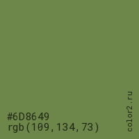 Цвет #6D8649 в цветовой модели RGB обозначается тремя октетами (109, 134, 73) в десятичном формате и #6D8649 в шестнадцатиричном (hex) формате, которые являются интенсивностью красного 109 (hex 6D), интенсивность зелёного 134 (hex 86) и интенсивность синего 73 (hex 49).
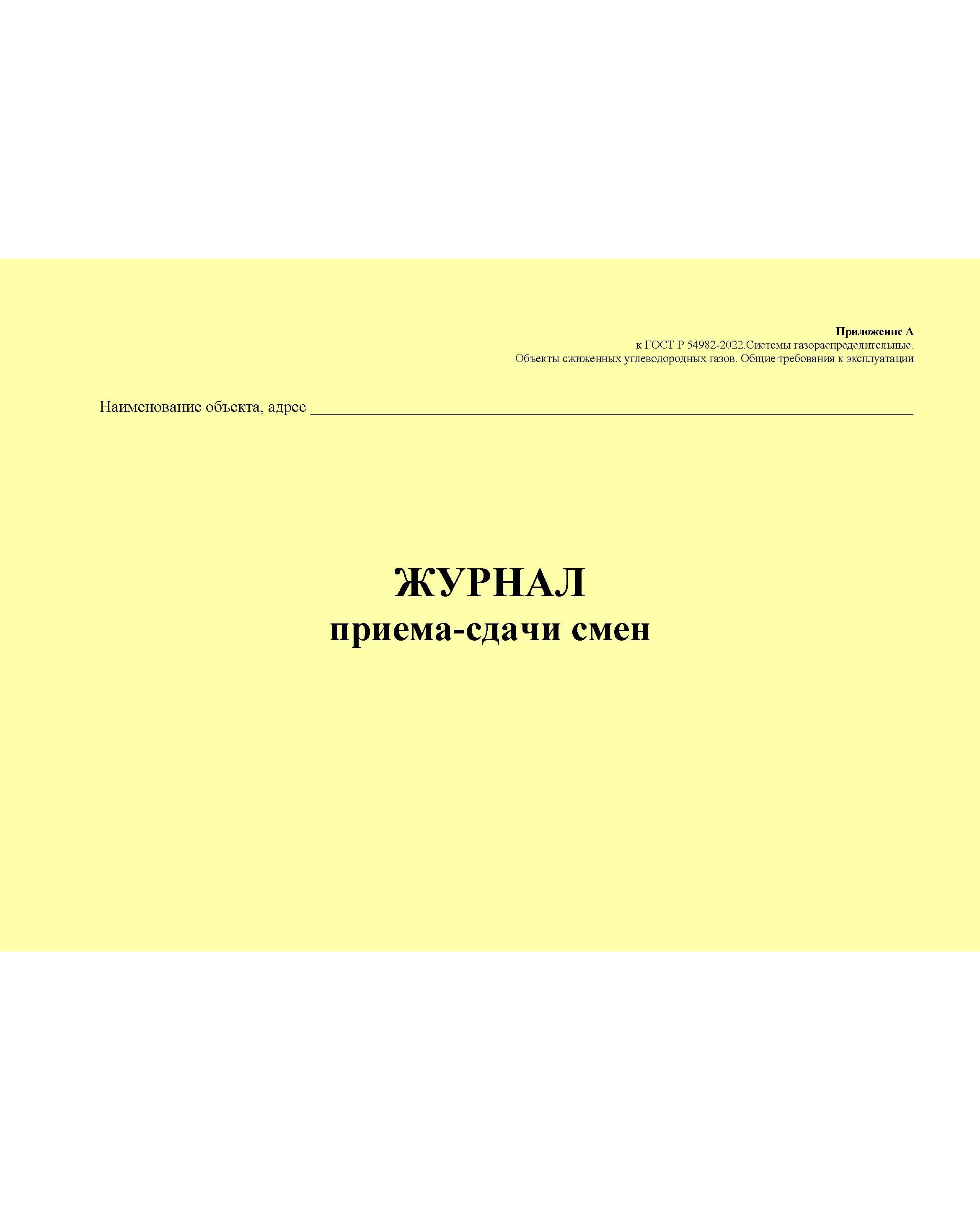 Журнал приема-сдачи смен. Приложение А к ГОСТ Р 54982-2022. Системы газораспределительные. Объекты сжиженных углеводородных газов. Общие требования к эксплуатации (альбомный, прошитый, 100 стр.)
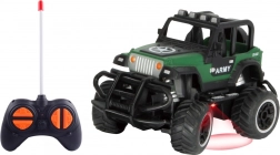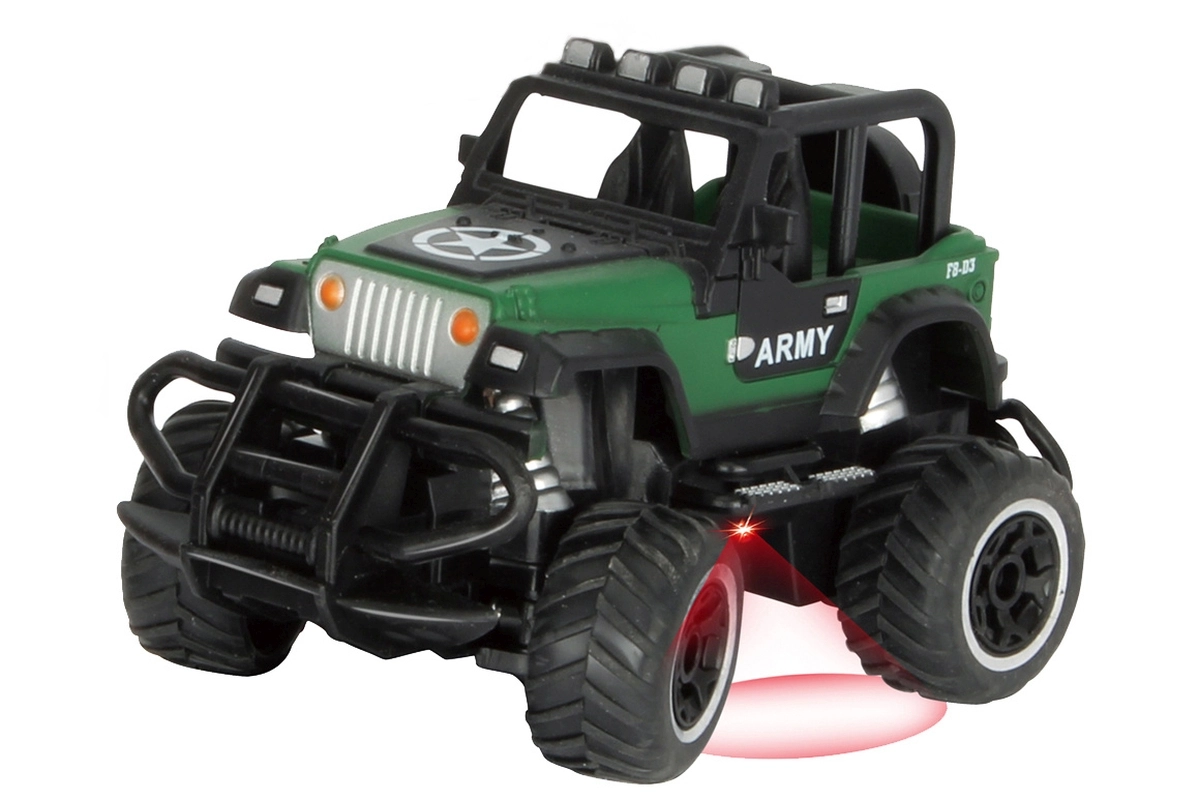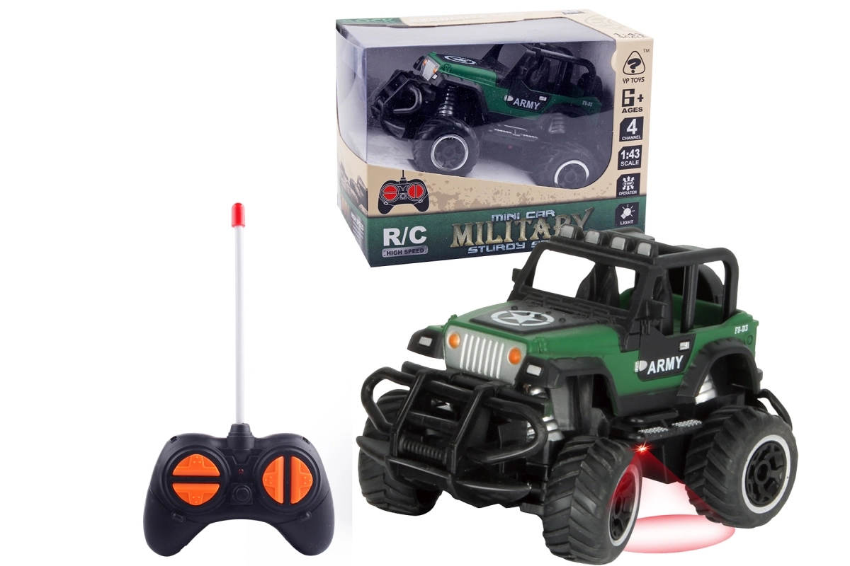 Compatta auto RC militare fuoristrada in scala 1:43 che farà felice ogni piccolo pilota. Offre facile controllo, struttura resistente e divertimento in casa e all'aperto. Alimentazione con 4× batterie AA (non incluse). Adatto ai bambini dai 6 anni.
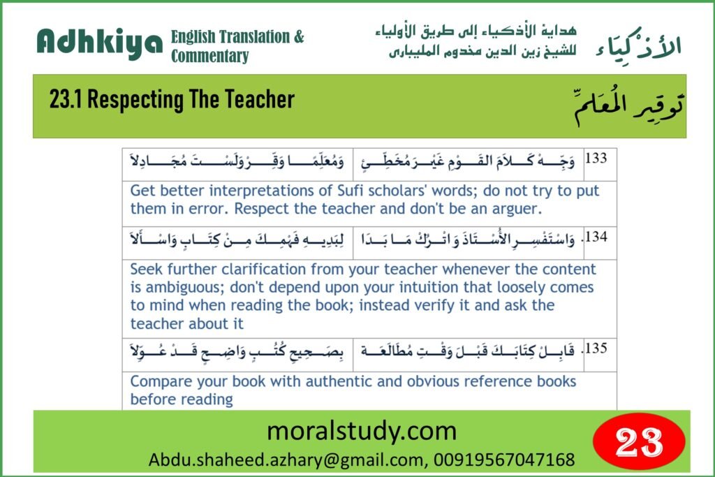The teacher is required to be very authentic and reliable in his teachings. His teachings are the light of the students’ lives. Before coming to class room, he should be very careful about the subject. The Islamic teacher is not just giving the linguistic meaning of the words from text books, rather he should be aware of the different aspects of the subject by reading some of the more accurate books on the subject.
☆ ☆ ☆
Your goal: Begin with the line holding "Compatta auto RC" and end with the last line of the listing. Reproduce each of those lines exactly, and leave every picture out.

Answer box:
 Compatta auto RC militare fuoristrada in scala 1:43 che farà felice ogni piccolo pilota. Offre facile controllo, struttura resistente e divertimento in casa e all'aperto. Alimentazione con 4× batterie AA (non incluse). Adatto ai bambini dai 6 anni.
The teacher is required to be very authentic and reliable in his teachings. His teachings are the light of the students’ lives. Before coming to class room, he should be very careful about the subject. The Islamic teacher is not just giving the linguistic meaning of the words from text books, rather he should be aware of the different aspects of the subject by reading some of the more accurate books on the subject.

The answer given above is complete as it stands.